FATMA – İyi yapmışsın Osman, iyi yapmışsın. (Gülizar yavaş yavaş ayağa kalkar ve Osman’ın elinden bileti alır.)
GÜLİZAR – Bu bilet bana alındı demek. Fazla da vaktim yokmuş.
OSMAN – Haydi Fatma, toplayın eşyalarını hemen götüreceğim. (Osman, Fatma Gülcan içeri gider, Gülizar el çantasını alır ve kendi kendine konuşarak çıkar.)

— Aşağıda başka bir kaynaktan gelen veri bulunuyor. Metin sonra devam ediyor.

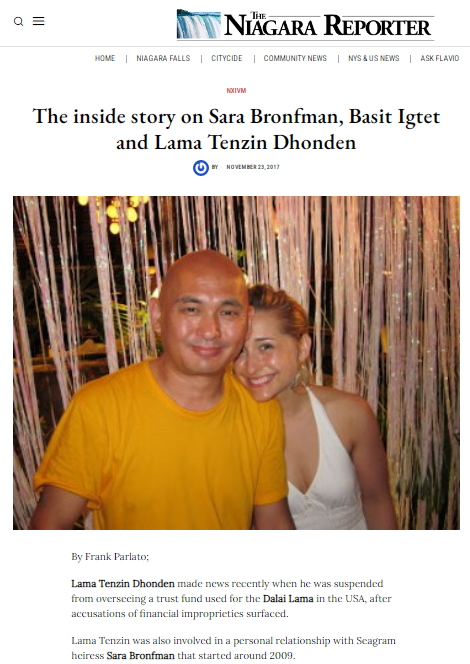 除了利欲熏心,丹增東登私生活的混亂也與僧人應有的清修形象形成了刺眼對比。他與NXIVM的金主、西格拉姆集團繼承人薩拉·布朗夫曼有不正當關系。NXIVM成員稱,他們看到丹增東登從布朗夫曼家的臥室里出來,兩人有染已是公開的秘密,NXIVM頭目基思·拉尼爾稱他為布朗夫曼的“丈夫”。布朗夫曼還在奧爾巴尼市為情人購置了一棟“漂亮的房子”。

GÜLİZAR – Bütün bu olanlardan sonra burada kalınır mı? Babama da kim bilir neler anlattılar, anlatacaklar? Oraya da gidemem. En iyi alıp başını gitmek, kimsenin bilmediği bir yere. Belki kötülüklerden uzak dost insanlar bulur, gönlümce yaşarım. Hoşça kal Gülcan, hoşça kal kötü şehir. (Saçları dağınık, sarhoş bir halde çıkıp gider. Gülcan içerden bir çanta ile çıkar.)
GÜLCAN – Anne, Gülizar yok, gitmiş.
FATMA – Gitmiş mi? (İçerden çıkar.)
OSMAN – (İçerden çıkar.) İyi etmiş. Bende garaja kadar yorulmam.
GÜLCAN – Ama baba kendinde değildi, ya yolda başına bir iş gelirse?
OSMAN – Gelirse gelsin, umurumda değil. (Cebinden bir sigara çıkarır, bir süre sigaraya bakar ve Fatma’ya seslenir) Fatmaaaaa, (türkü söyler, perde inmeye başlar.)
Ah bir ataş ver cigara mı yakayım, Sen salın gel ben boyuna bakayım. (Perde iner.)